Miami is an apt location for this novel application of NFT technology. Mayor Francis Suarez has spoken extensively about the city’s goal to be a cryptocurrency capital. And leaders in the crypto space have responded: In recent months, several major companies have announced Miami relocations or expansions.
NFTs, or non-fungible tokens, are unique digital assets that are authenticated and verified on the blockchain. Think of them as officially licensed collectables, only virtual.
The flagship product of this initial launch is a replica of the Hurricanes’ 1989 national championship ring for its season culminating in its 33-25 win over Alabama. Winning the NFT will be just the tip of the iceberg for one lucky Hurricanes superfan (or perhaps NFT investor). They will also receive a fully customized replica ring, as well as a digital video frame called an Infinite Object.
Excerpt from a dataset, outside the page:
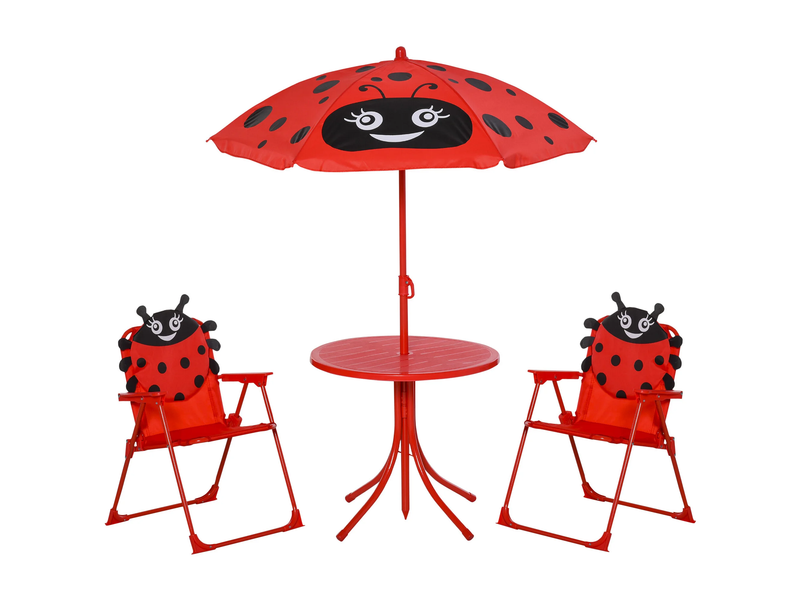 Ensemble salon de jardin enfant 4 pcs design coccinelle - table ronde + 2 chaises pliables + parasol - métal époxy oxford rouge

As of writing, the highest bid for the ring is $5,000, but the auction doesn’t end until Monday, August 23rd.
Starting on Tuesday afternoon, the University of Miami will start selling two other products: one that includes the 1989 championship ring NFT and Infinite Object (aptly priced at $305), and the other that’s just the NFT ($50).
These products are just the beginning. UM has signaled that it is working on a variety of other NFTs, including a “Game Changers” series that will feature memorable moments in the Hurricanes’ history. They also plan to mint NFTs to commemorate former players that have gone pro and other championship rings. Don’t worry, the Turnover Chain will probably be drafted for a drop, too.
Jason Layton, the University of Miami’s Deputy Director of Athletics and Chief Financial Officer, is one of the executives that spearheaded this initiative. He told Refresh Miami that they prioritized launching products available at various price points: “We made sure that we have something for everyone.” He noted that while the big ticket item is one-of-a-kind, the reduced prices for the other products reflects the fact that they are issuing 250 NFTs of the mid tier item and 500 of the lowest priced product.
This project has been in the works since March. “We’re always looking for new areas to get into as we continue to grow digitally,” Layton said. He explained that NFTs made sense not just because they are a new medium, but also because they are “a new way to story tell and share special moments” with Hurricanes fans.
Atlanta-based GigLabs provided the technology underpinning this offering. Its CRO and co-founder Jon Parise told Refresh Miami that he gives the University of Miami “a ton of credit for going all in on this.”
He continued: “They are truly wanting to create an experience that their fans are going to get value out of. This project is really built for the long term.” That forward thinking perspective helps counteract the idea that NFTs are an ephemeral phenomenon.
One of the main advantages of the white-label platform that the University of Miami used is the user experience. Parise explained that many NFT projects reside on Ethereum, which requires digital wallets and owning cryptocurrency. GigLabs’ platform, however, is based on Flow, enabling users to purchase this memorabilia using their normal credit card.
Parise asserted that Miami is paving the way for other colleges to add value to the fan experience: “We’re excited to see where this goes. I think a lot of colleges are going to follow.”